TASK DETAILS: Only one span is wanted from the lines below: from the one with "میز عسلی تاشو چمدانی طرح چهره چهار عددی" up to and including the one with "始業式はテレビ放送で行いまし". Copy it exactly, without images.

EXTRACTED DATA:
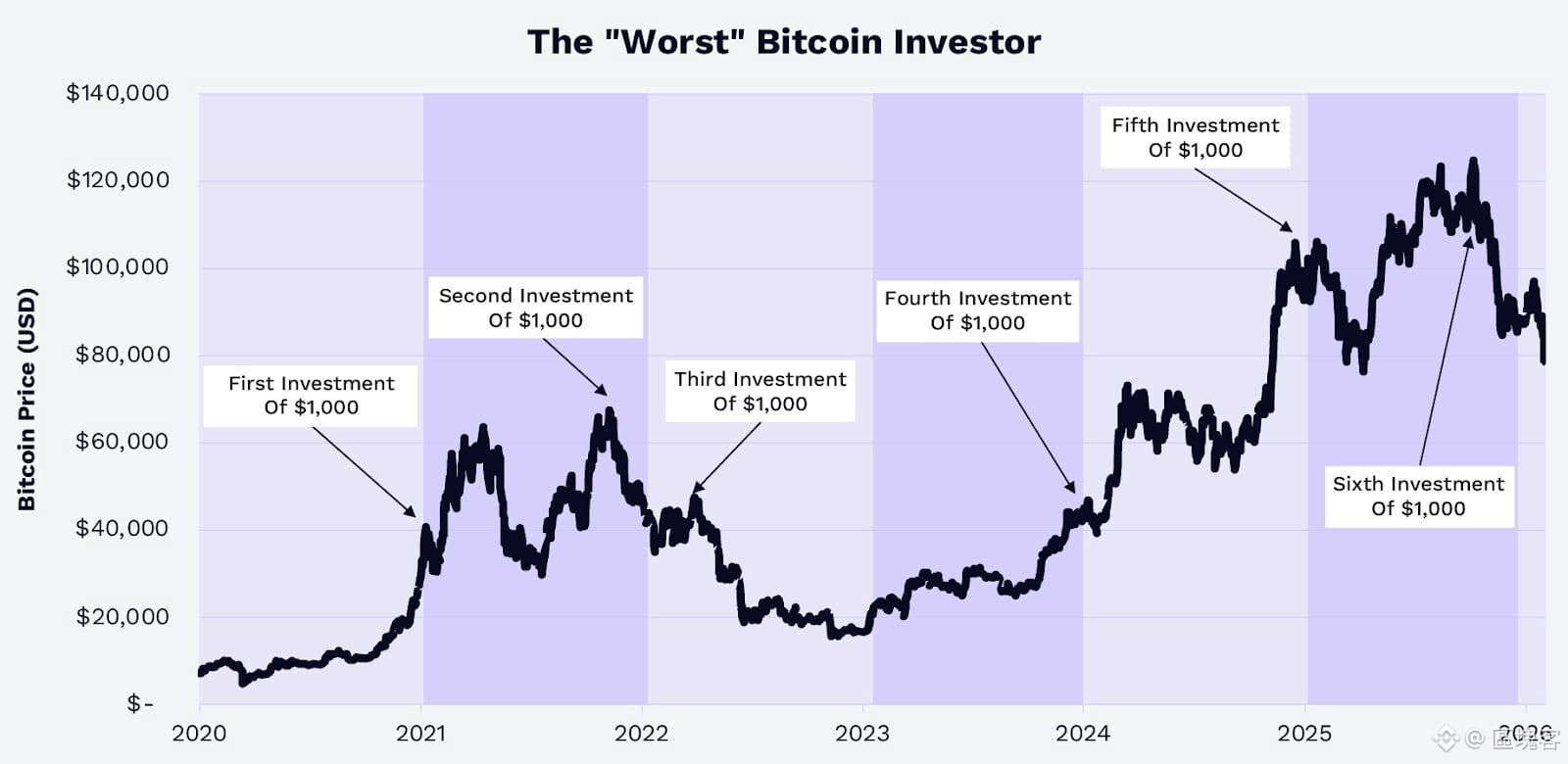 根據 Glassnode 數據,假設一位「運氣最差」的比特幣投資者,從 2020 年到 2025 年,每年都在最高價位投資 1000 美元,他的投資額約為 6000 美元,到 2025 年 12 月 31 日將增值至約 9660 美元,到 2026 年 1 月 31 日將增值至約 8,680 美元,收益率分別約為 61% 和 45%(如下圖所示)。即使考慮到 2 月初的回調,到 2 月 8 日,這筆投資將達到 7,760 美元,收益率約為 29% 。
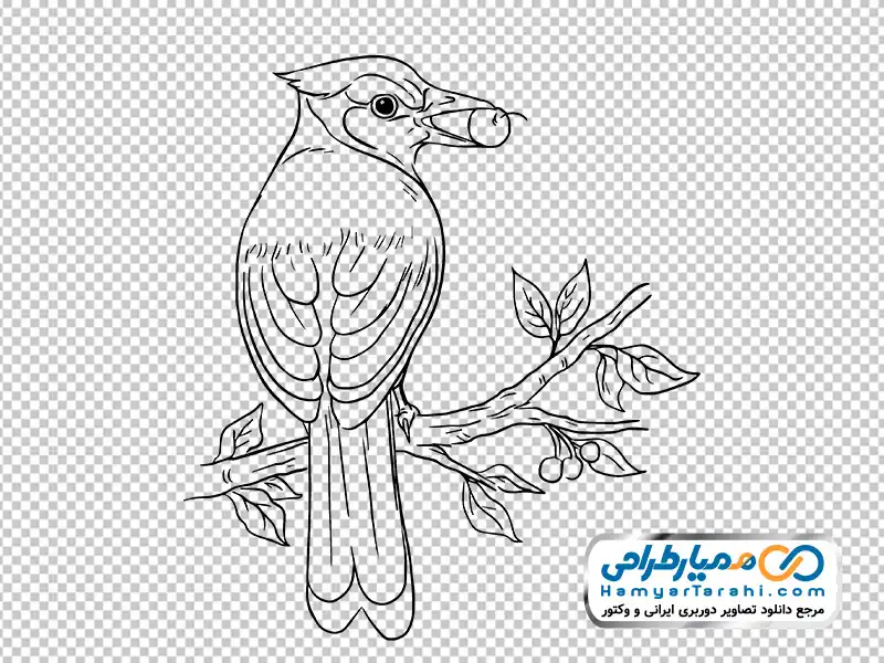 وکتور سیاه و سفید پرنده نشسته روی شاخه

==

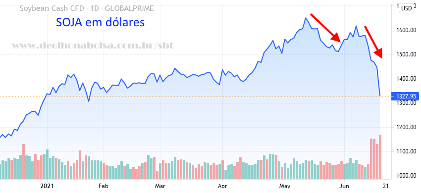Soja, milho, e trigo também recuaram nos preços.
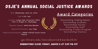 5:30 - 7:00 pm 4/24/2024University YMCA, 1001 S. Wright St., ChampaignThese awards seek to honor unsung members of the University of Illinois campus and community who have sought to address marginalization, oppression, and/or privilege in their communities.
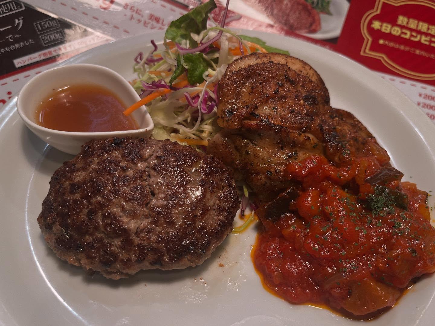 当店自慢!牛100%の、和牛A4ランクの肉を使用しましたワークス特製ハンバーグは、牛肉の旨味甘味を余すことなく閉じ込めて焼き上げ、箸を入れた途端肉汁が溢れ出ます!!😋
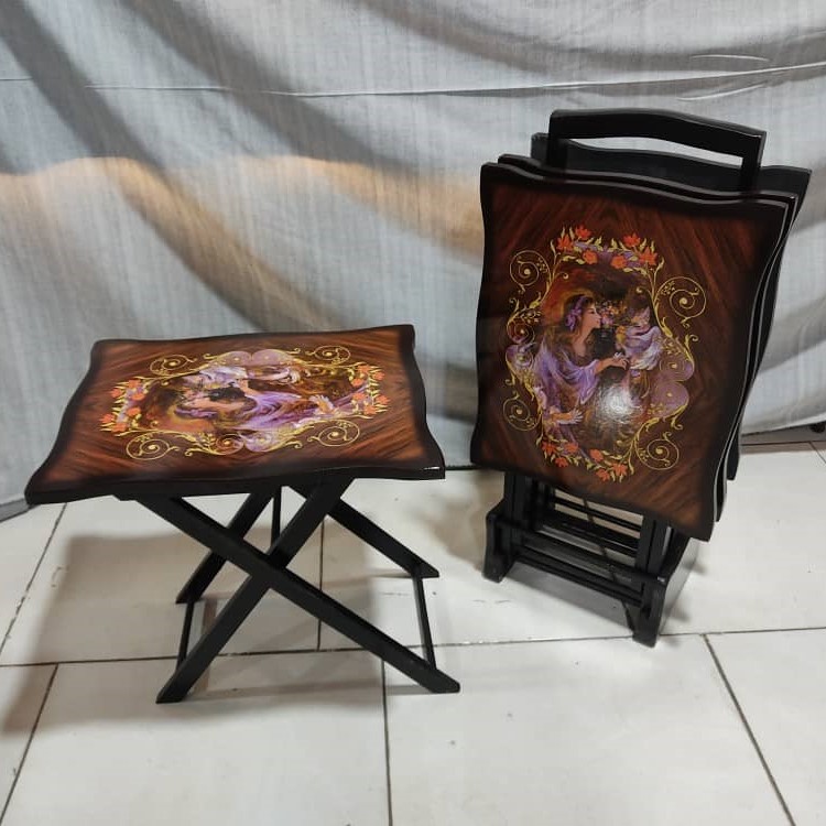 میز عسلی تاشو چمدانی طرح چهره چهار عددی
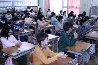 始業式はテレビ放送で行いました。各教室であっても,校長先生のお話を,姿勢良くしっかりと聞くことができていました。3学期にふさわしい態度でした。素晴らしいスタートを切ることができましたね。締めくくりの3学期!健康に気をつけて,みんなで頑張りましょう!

--

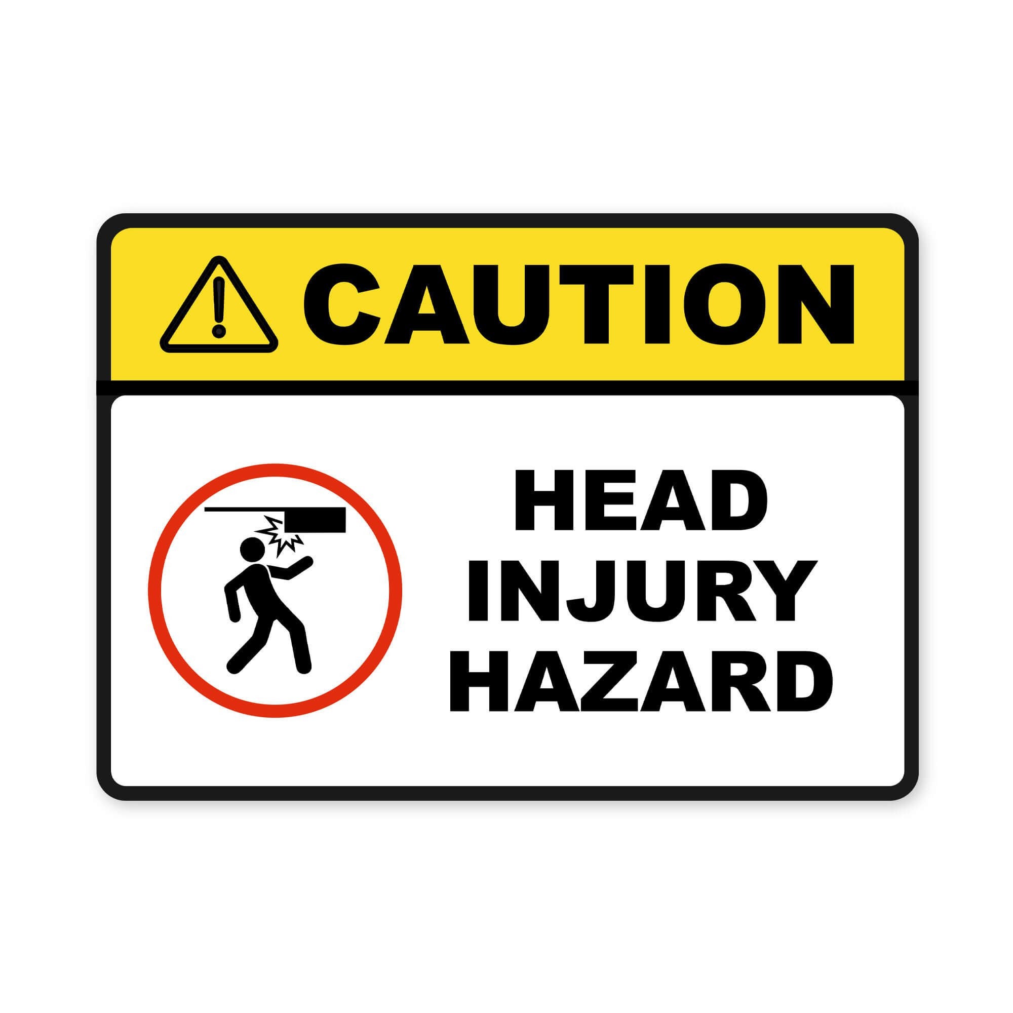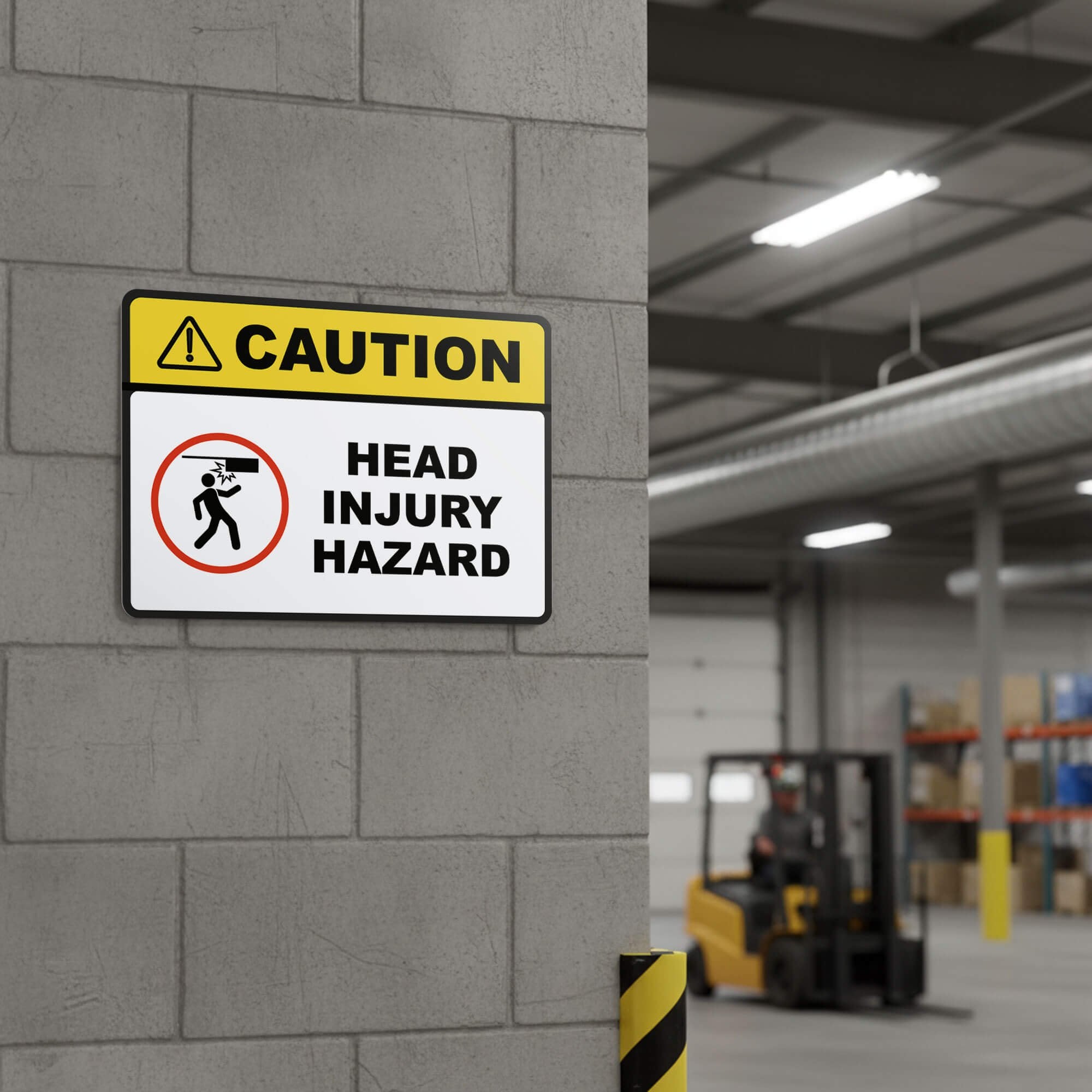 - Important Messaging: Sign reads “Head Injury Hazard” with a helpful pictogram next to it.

RESPONSE BELOW:
 میز عسلی تاشو چمدانی طرح چهره چهار عددی
 始業式はテレビ放送で行いました。各教室であっても,校長先生のお話を,姿勢良くしっかりと聞くことができていました。3学期にふさわしい態度でした。素晴らしいスタートを切ることができましたね。締めくくりの3学期!健康に気をつけて,みんなで頑張りましょう!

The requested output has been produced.